In view of further verification, the pore size distribution pattern was obtained from the desorption branch by employing Barrett-Joyner-Halenda (BJH) model and is illustrated in Figure 11d. The distribution curve shows that the pores present in the polymer are of variable sizes with their diameters ranging from 1.4 to 12.4 nm. The maxima of the curve occurs at 2.3 nm, suggesting that majority of the pores have diameters of 2.3 nm. The average pore diameter was found to be 5.2 nm, whereas the total pore volume has been found to be 0.085 cc/g for pores smaller than 19 nm diameter at relative pressure P/P o = 0.89.

Proposed mechanism of polymerization

A plausible formation process is briefly presented as following:

While preparing aqueous solutions of the respective metal salts, M²⁺ ions get hydrated and form hexa-aqua complexes. When these aqua complexes are mixed with aqueous solution of PPD, two water molecules on the trans positions of aqua complex are replaced by two PPD molecules, resulting in tetra-aqua PPD substituted complex. The free nitrogen atoms of the coordinated PPD can further capture hexa-aqua complex molecules by coordination interactions. This coordination-induced assembly process can proceed repeatedly until the depletion of reactants in the solution, resulting in the formation of large coordination polymers having a porous structure. The Cl⁻ anions are accommodated in this porous structure as the counter ions. Thus, we get one-dimensional linear coordination polymers comprising a repeat unit shown in Scheme 1 in which the M(II) ion is six- coordinated. The M(II) ion binds to four oxygen atoms from the four coordinated water molecules (which come from aqueous medium) and two nitrogen atoms from two different PPD ligands in the distorted octahedral coordination geometry. However, the detailed formation mechanism of such coordination polymers is not clear at present time and needs further investigation. However, the proposed mechanism is shown as Scheme 2.

Scheme 1

One-dimensional linear coordination polymers comprising a repeat unit.

Scheme 2

Proposed mechanism.

Conclusions

Mesoporous nanostructured metal-organic hybrid materials composed of copper(II), nickel(II), and zinc(II) metal ions with PPD as the organic ligand were synthesized at room temperature. The proposed formula of the compounds is {[M(H₂O)₄(PPD)₂]²⁺.2Cl⁻} _n , where M = Cu, Ni or Zn. The PXRD profile shows the crystalline nature of the polymers. N₂ adsorption-desorption isotherm confirms the mesoporous nature of 1 as it exhibits type IV isotherm with H1 hysterisis. The steepness of the inflection point shows that the mesopores formed are of uniform order. The BJH curve shows an average pore diameter of 5.2 nm. The specific surface area determined by the BET method is 65.25 m²/g.

Methods

Materials

Doubly-distilled water was used to prepare aqueous solutions. p-Phenylenediamine was received from Sigma-Aldrich (MO, USA). CuCl₂, NiCl₂.6H₂O, and ZnCl₂ were of analytical grade and used without further purification.

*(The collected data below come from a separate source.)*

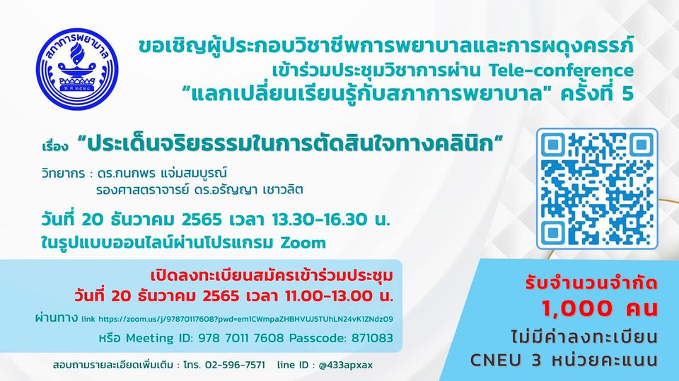 สภาการพยาบาลขอเชิญผู้ประกอบวิชาชีพการพยาบาลและการผดุงครรภ์ลงทะเบียนเข้าร่วมประชุมวิชาการผ่านการสื่อสารทางไกล หรือTele-conference “แลกเปลี่ยนเรียนรู้กับสภาการพยาบาล" ครั้งที่ 5 เรื่อง “ประเด็นจริยธรรมในการตัดสินใจทางคลินิก” วันที่ 20 ธันวาคม 2565 เวลา 13.30-16.30 น. ณ ห้องประชุมและเครือข่ายออนไลน์ สภาการพยาบาล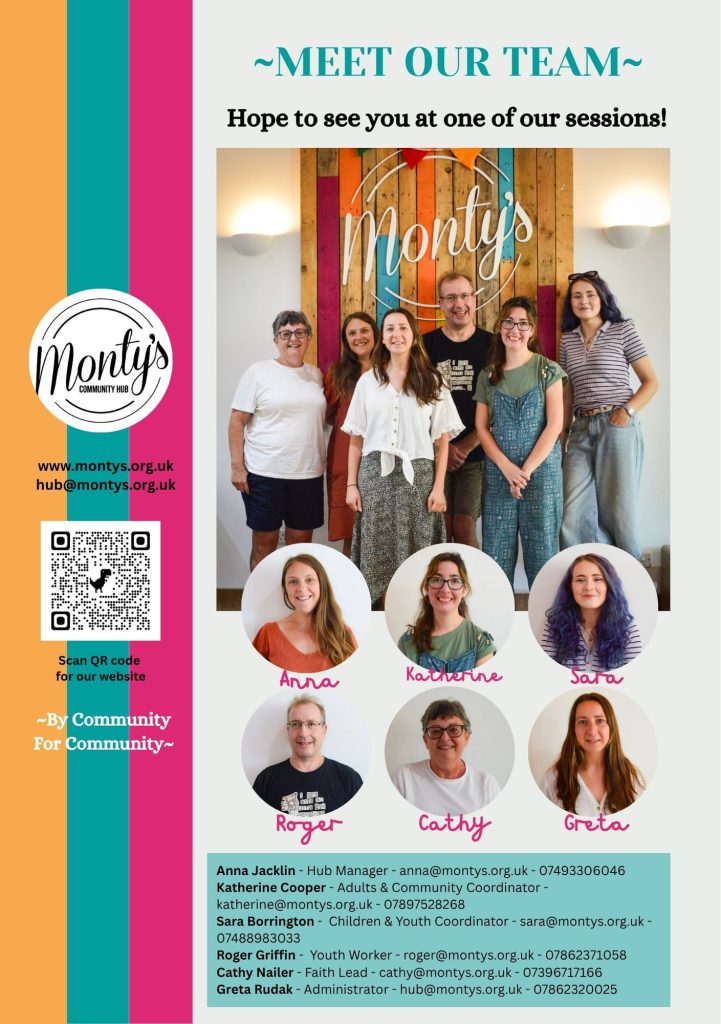 Monty’s is a collaborative community space, where local people offer their skills, time and energy to creatively address local needs and develop local solutions. Together we host groups and activities for children, young people, adults, and families – a place for the whole community to meet up, make friends, learn and share skills, support one another and share life.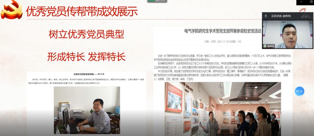 研究生党支部书记赵传荣老师应邀在分论坛-研究生党建发展论坛暨第四届上海理工大学研究生党支部书记论坛,作了题为“以创促建、树立典型,发挥优秀党员的传帮带作用”的报告。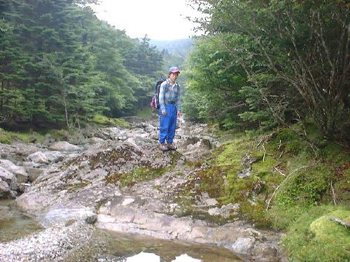 休憩後、ザンキ平へ至る尾根を登り肩の鞍部から鎖場を下るのだが、ここも新しく鉄梯子が架けられていた。小沢をいくつか横切りながら、再度河原に下り立った。暑いのでかなりヘロヘロになっていて浴びるほど水を飲む。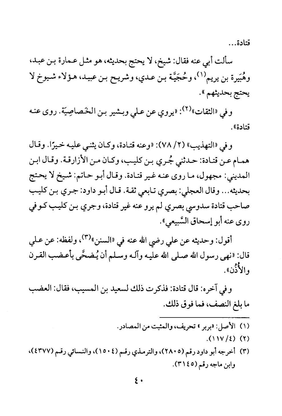 أقول: وحديثه عن علي رضي الله عنه في "السنن" (¬٣)، ولفظه: عن علي قال: "نهى رسول الله صلى الله عليه وآله وسلم أن يُضحَّى بأعضب القرن والأُذُن".

Characterization techniques

Microanalyses were carried out using CHNS analyzer Leco Model-932 (LECO Corporation, St. Joseph, MI, USA). The concentrations of the metal ions were estimated by atomic absorption spectroscopy (Perkin-Elmer 2380, Waltham, MA, USA). PXRD patterns were recorded from 0° to 70° on a Rigaku Miniflex diffractometer using monochromatic CuKα radiations (The Woodlands, TX, USA). FTIR spectra from 4,000 to 400 cm⁻¹ were recorded on Perkin-Elmer Spectrum RX 1 FTIR spectrophotometer using KBr disks. ¹H NMR spectra were recorded on Bruker Avance DPX 200 NMR spectrometer (200 MHz; Dubai, UAE) using tetramethyl silane as internal standard. Electronic spectra (190 to 800 nm) of 10⁻³ M ethanolic solutions of PPD and its compounds with Ni(II), Cu(II), and Zn(II) were recorded on UV-visible double beam spectrophotometer, PG Instruments Ltd. Model T90+ (Leicestershire, England). Scanning electron micrographs (SEM) were collected on Jeol T-300 scanning electron microscope with gold coating (Tokyo, Japan). The particle size of each compound was determined by DLS technique using Zetasizer Nano ZS-90 (Malvern Instruments Ltd., Worcestershire, UK).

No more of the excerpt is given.